Beberapa waktu lalu, Sudutpayakumbuh.com mendatangi sebuah surau guna melihat peninggalan-peninggalan dari Syekh H. Abdul Majid yang mana beliau merupakan salah seorang ulama terkemuka di Payakumbuh pada masanya. Meski namanya kini tidak terlalu masyhur, namun beliau pernah menjadi sosok yang cukup berpengaruh di kampung halamannya serta dalam lingkup keorganisasian Persatuan Tarbiyah Islamiyah (PERTI).
Beliau pernah menjabat sebagai Wali Hakim sekaligus menjadi guru agama bagi banyak orang di beberapa sekolah di Kabupaten Limapuluh Kota pada zamannya. Tidak hanya itu, beliau juga dikenal sebagai seorang mursyid dalam Tarekat Naqsyabandiyah, dengan keilmuan yang diakui luas oleh masyarakat.

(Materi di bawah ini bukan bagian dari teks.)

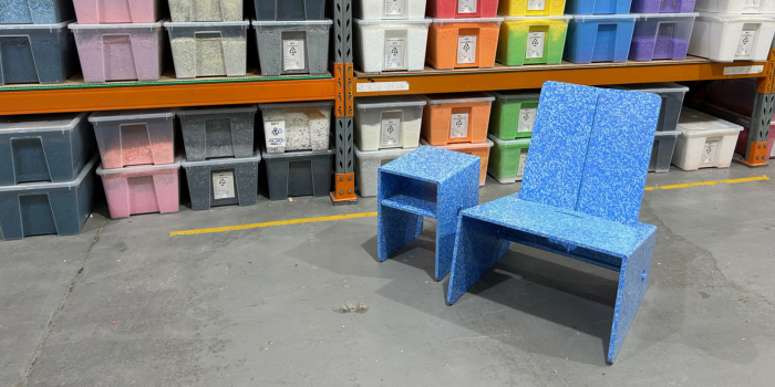 Post-consumer and post-industrial waste is washed and shredded before being converted into colourful, UV-stabilised pellets.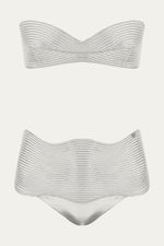 O Biquini Hot Pants Stella Suntime uma peça autoral de edição limitada, confeccionado em malha metalizada com um exclusivo matelassê feito à mão que cria uma textura de ondas. Este conjunto, com seu top tomara-que-caia sem bojo e calcinha hot pant, oferece um toque de estilo e sofisticação inigualáveis.

SudutPayakumbuh.com juga berkesempatan mewawancarai Apria Putra, seorang filolog sekaligus sejarawan ulama-ulama Minangkabau dan menjelaskan tentang Syekh H. Abdul Majid.
“Syekh Abdul Majid Al-Khalidi Koto nan Godang (w. 1967) ialah sosok pemimpin PERTI pertama pada tahun 1930-an, mursyid Tarekat Naqsyabandiyah Khalidiyah, serta pendiri sekaligus guru besar MTI Koto nan Godang Payakumbuh,” ujarnya.

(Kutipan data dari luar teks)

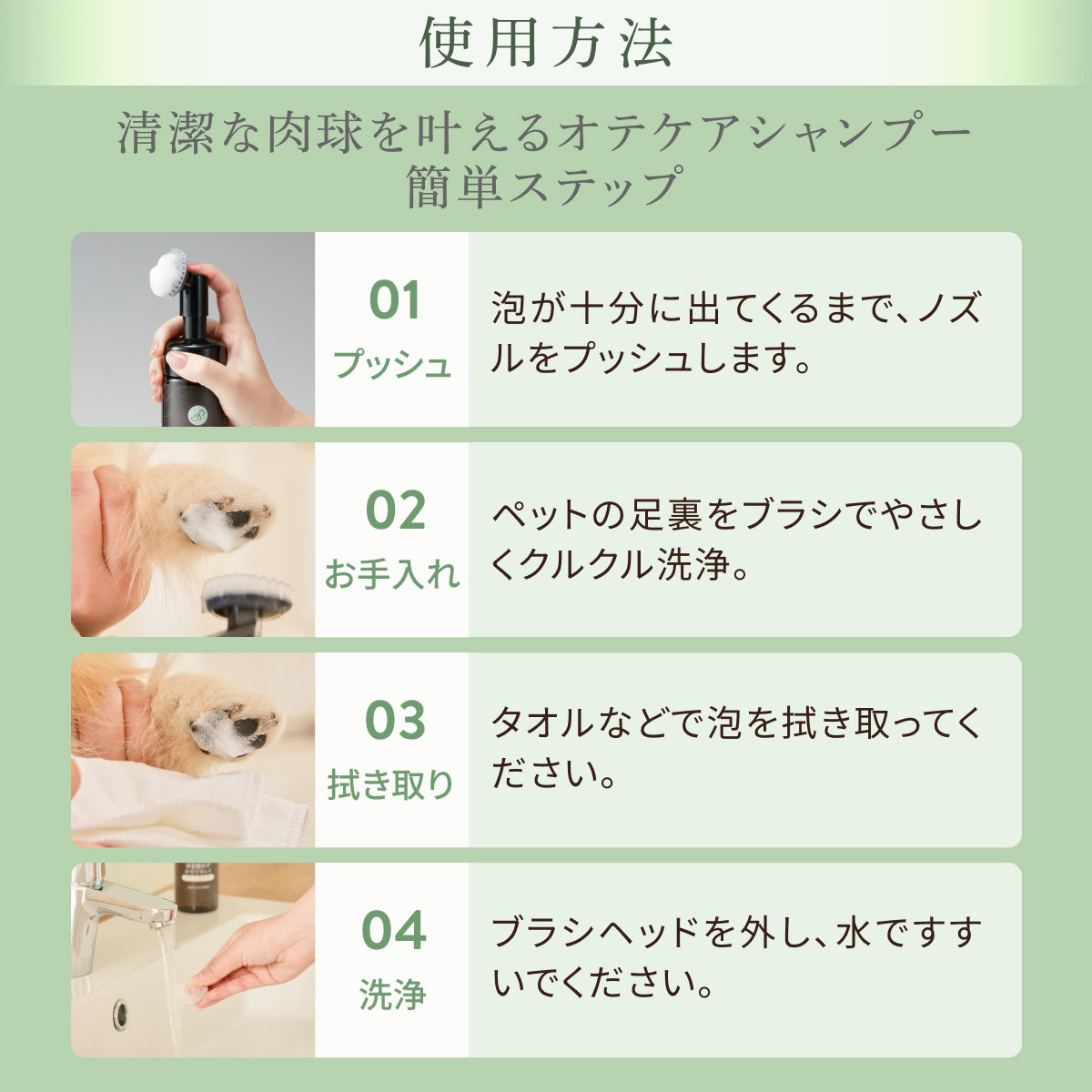 ③ブラシ部分から出た泡をペットの肉球に塗布し、やさしく汚れを落としてください。

Ia menjelaskan bahwa diketahui bahwa Syekh Abdul Majid dulunya bernama Baheramsyah Latif. Makam beliau kini terletak di Kelurahan Kapalo Koto di Balai, Payakumbuh Utara, berdekatan dengan surau peninggalannya yang masih berdiri tidak jauh dari pusara. Ulama yang bergelar Angku Mudo Khalis ini merupakan anak pertama dari pasangan Abdul Latif dan Maimunah, yang dianugerahi enam orang anak, terdiri dari empat laki-laki dan dua perempuan.
“Yang berpakaian anak siak, yang mempunyai sanad keilmuan dengan ulama-ulama Persatuan Tarbiyah Islamiyah, mesti berziarah ke makam beliau,” kata dosen UIN Sjech M. Djamil Djambek Bukittinggi tersebut.
Syekh Abdul Majid, yang suraunya kini berdiri tepat di belakang RSI Ibnu Sina Payakumbuh, dikenal rajin berguru ke berbagai tempat. Salah satu guru beliau yang cukup termasyhur di kalangan ulama Minangkabau masa silam ialah Syekh Muhammad Sa’ad, lebih dikenal sebagai Syekh Mungka atau “Beliau Surau Baru.” Ia merupakan salah seorang ulama besar yang sangat dihormati di Minangkabau pada masanya. Kealimannya di ranah Minang begitu diakui hingga ia digelari Syaikhul Masyaikh guru dari para guru karena banyak ulama datang menimba ilmu kepadanya.
Lebih dari itu, Syekh Muhammad Sa’ad merupakan pemuka Tarekat Naqsyabandiyah Al-Khalidiyah yang terkemuka di ranah Minangkabau. Kemasyhurannya kian menanjak lantaran risalah bantahannya terhadap pandangan Syekh Ahmad Khatib Al-Minangkabawi. Risalah tersebut memberi pengaruh besar di kalangan ulama Minangkabau kala itu, menjadikan nama beliau tetap dikenang sebagai ulama yang tak hanya mendalam dalam ilmu, namun juga berani dalam dialektika keilmuan.